4. Establishing an equitable, operational ecosystem for pandemic countermeasures: this must be truly 'end to end' to serve public health goals in every country and for every community. It should be based on a global commons model, regional resilience, openness, and technology sharing. It must begin with regional research on and development and manufacturing of diagnostics, vaccines, and therapies which can stop outbreaks when and where they occur.

5. Sufficient financing for preparedness and for crisis response: At least US$10.5 billion is required annually to support preparedness in low- and middle-income countries. So far only around ten per cent of that has been committed to The Pandemic Fund established at the World Bank. G7 leaders should commit to ensuring that the full amount required each year is mobilised.

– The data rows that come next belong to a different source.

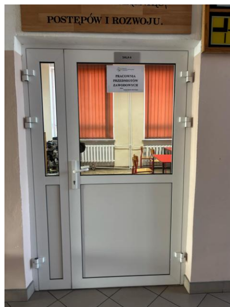
Na zdjęciach przedstawiono pracownię lekcyjną 6 i 8.

Na prawo od pomieszczenia obsługi znajduje się przejście na plac apelowy.
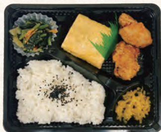
出汁巻き玉子弁当
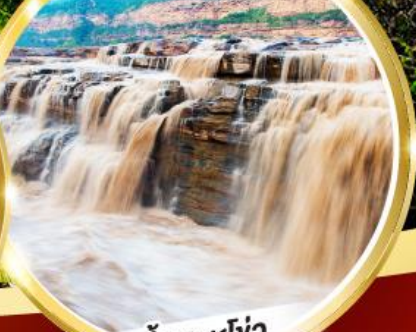
น้ำตกหูโง่
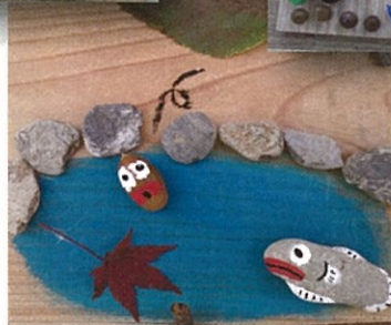
写真は、イメージです。
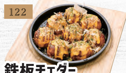
122 鉄板チーズたこ焼き 680円
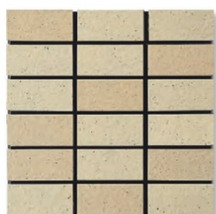
※EP-51AB A(7.6YR 7.6/3.4) B(7.3YR 7.1/3.9)
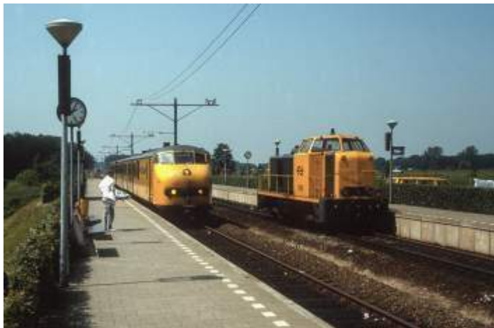
Dalfsen, tijdens de elektrificatie in 1985

Zijn wens was om verbinding te krijgen met Harlingen. Maar dit werd Delfzijl. Maar dit hele project bleek uitermate taai. Uiteindelijk werd in 1898 de wet voor de NOLS door het parlement geaccordeerd. In 1901 ving de bouw aan. Nadat in 1903 de lijn van Zwolle tot Ommen in gebruik werd genomen volgde in 1905 de lijn naar Stadskanaal en de tak van Gasselternijveen naar Assen. In 1906 volgde Mariënberg - Almelo. In 1910 Stadskanaal - Zuidbroek - Delfzijl en de verbindingslijn van station Coevorden op de lijn van de BE (D).
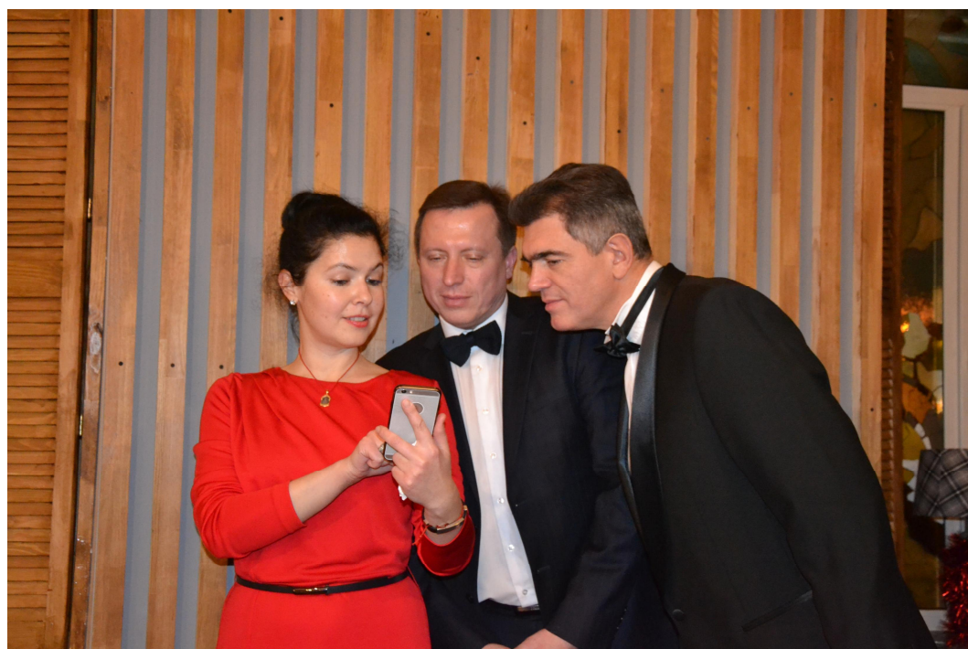
З колегами на новорічних урочистостях, 2018 рік
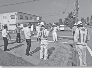
危険箇所の現地確認

今後、他の小学校区や保育所などの周辺道路においても同様の点検を行う予定で、危険な場所などへの対策を検討していきます。
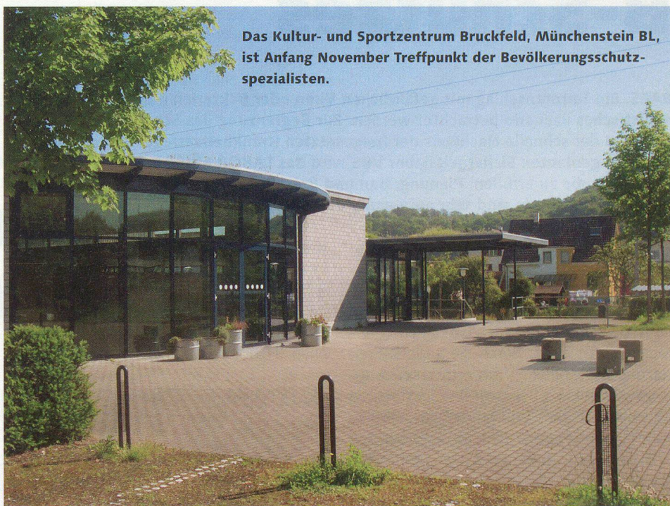
Das Kultur- und Sportzentrum Bruckfeld, Münchenstein BL, ist Anfang November Treffpunkt der Bevölkerungsschutzspezialisten.

Erstklassige Kenner der Materie liefern die Informationen: Nahostexperte Ulrich Tilgner wird im offiziellen Teil der Konferenz zu den «Ursachen des Terrorismus» sprechen.
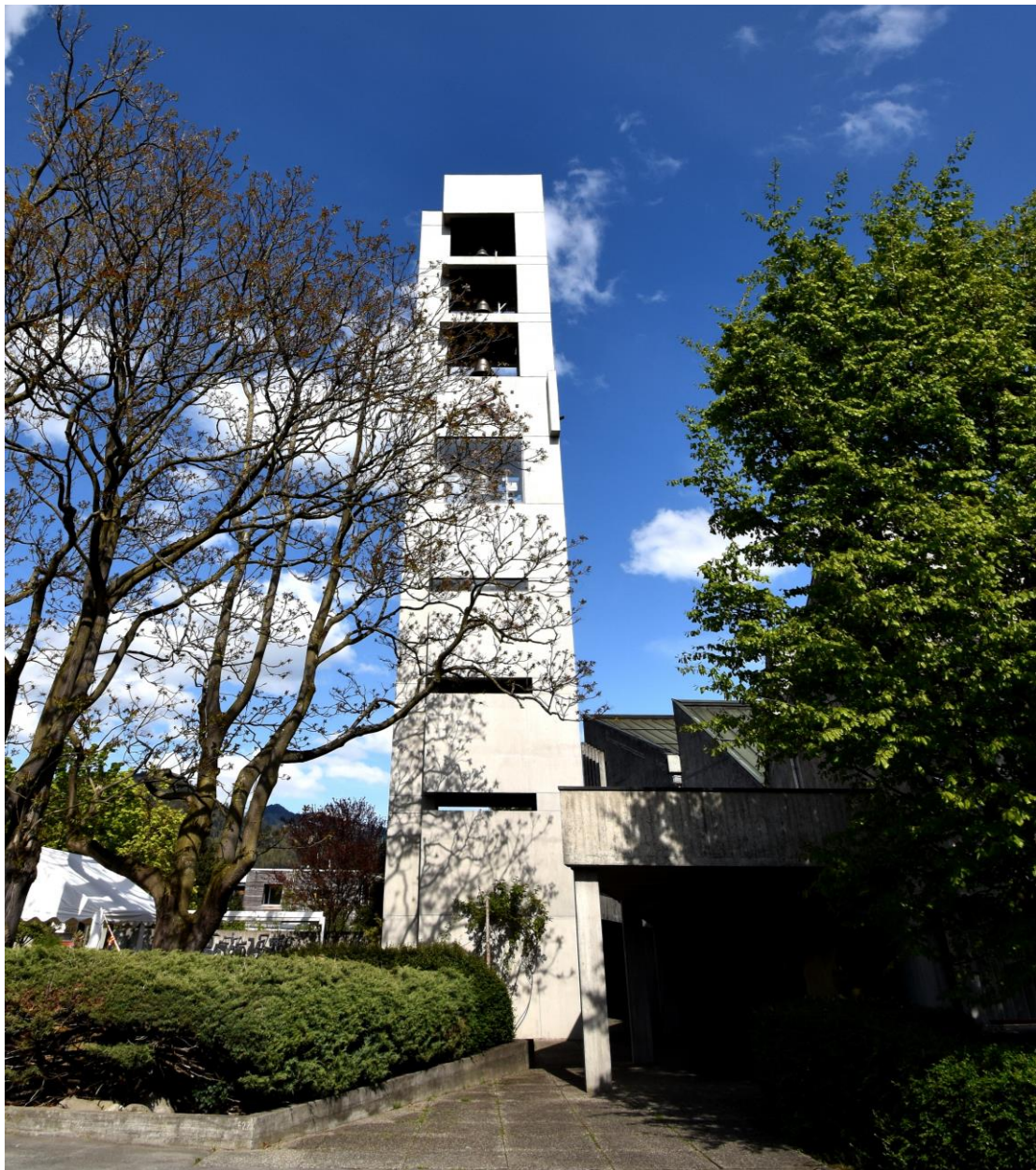
Kirche Johannes, April 2024, PBü

Donnerstag, 30. Mai 2024, 19.30 Uhr, Saal Johanneskirche

For emergencies, US$50-$100 billion must be made available immediately when a threat emerges to support low- and middle-income countries to avert catastrophic economic, fiscal, and social crises, and ensure purchase of pandemic supplies. The work of the G20 Joint Health and Finance Taskforce has been welcome, but it must tackle this area of work with urgency given the inevitability of new and grave health threats emerging.

6. An independent, authoritative WHO: To tackle the next health threat with pandemic potential, Member States must support WHO to have the authority, independence, and funding required to play its essential role.

WHO Member States must see through their commitment to increase assessments against WHO's base budget to 50% by the early target year of 2028, and they must amend the International Health Regulations in a manner which gives WHO the authority to act within specific, rapid timelines when a pandemic threat emerges.

We believe that the United Nations General Assembly, the most inclusive high-level body of the UN system, can and should commit to these areas of transformative change at the 20 September High-Level Meeting for Pandemic Prevention, Preparedness and Response in New York.

We call on G7 leaders – and G20 leaders – together with the entire membership of the United Nations General Assembly, to take specific decisions which will help stop health threats where and when they occur, and will transform the international system for pandemic preparedness and response.